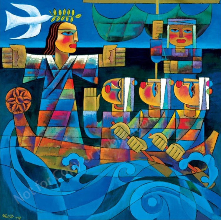 1. He Qi, 1998, site heqiart.com. Cet artiste chinois, formé à Nanking et Hambourg, vit maintenant en Californie. Il a été très engagé dans l’Association asiatique des artistes chrétiens. Il allie des approches traditionnelles chinoises avec des éléments de l’art contemporain. Nous sommes ici au moment final. Le bleu domine et apaise. Jésus, aux bras étendus, domine la mer et ses menaces. Une colombe avec une branche d’olivier, disant la paix, est au-dessus de sa tête, comme après le déluge (Gn 8,11). Formes et couleurs s’unissent dans l’harmonie.
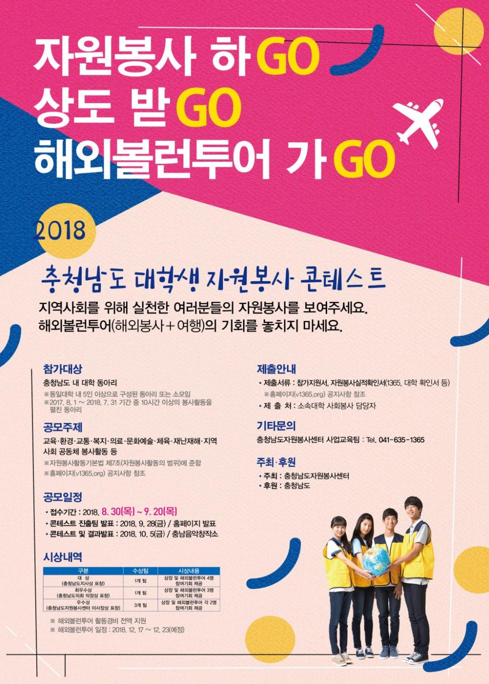 2018 대학생 자원봉사 콘테스트에 많은 관심과 신청 바랍니다.
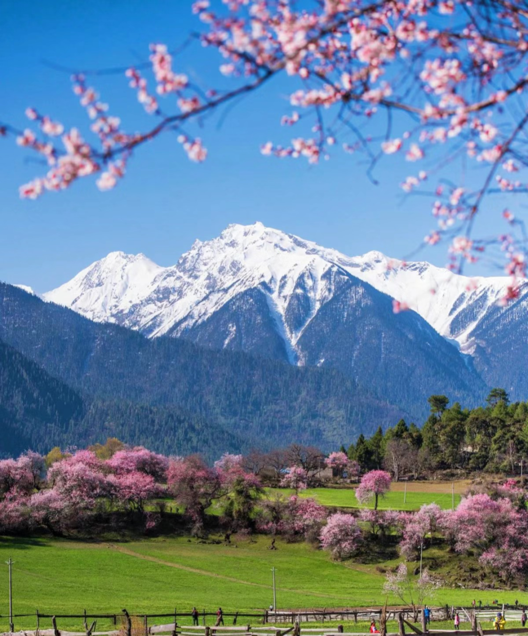 林芝是西藏进入春天最早的地方,被大家称为“西藏小江南”,可是江南没有磅礴的雪山,而林芝春天的标配就是雪山下盛放的桃花。

== What this task involves ==
Pictures aside, give the data again exactly as it appears.

== Response ==
 1. He Qi, 1998, site heqiart.com. Cet artiste chinois, formé à Nanking et Hambourg, vit maintenant en Californie. Il a été très engagé dans l’Association asiatique des artistes chrétiens. Il allie des approches traditionnelles chinoises avec des éléments de l’art contemporain. Nous sommes ici au moment final. Le bleu domine et apaise. Jésus, aux bras étendus, domine la mer et ses menaces. Une colombe avec une branche d’olivier, disant la paix, est au-dessus de sa tête, comme après le déluge (Gn 8,11). Formes et couleurs s’unissent dans l’harmonie.
 2018 대학생 자원봉사 콘테스트에 많은 관심과 신청 바랍니다.
 林芝是西藏进入春天最早的地方,被大家称为“西藏小江南”,可是江南没有磅礴的雪山,而林芝春天的标配就是雪山下盛放的桃花。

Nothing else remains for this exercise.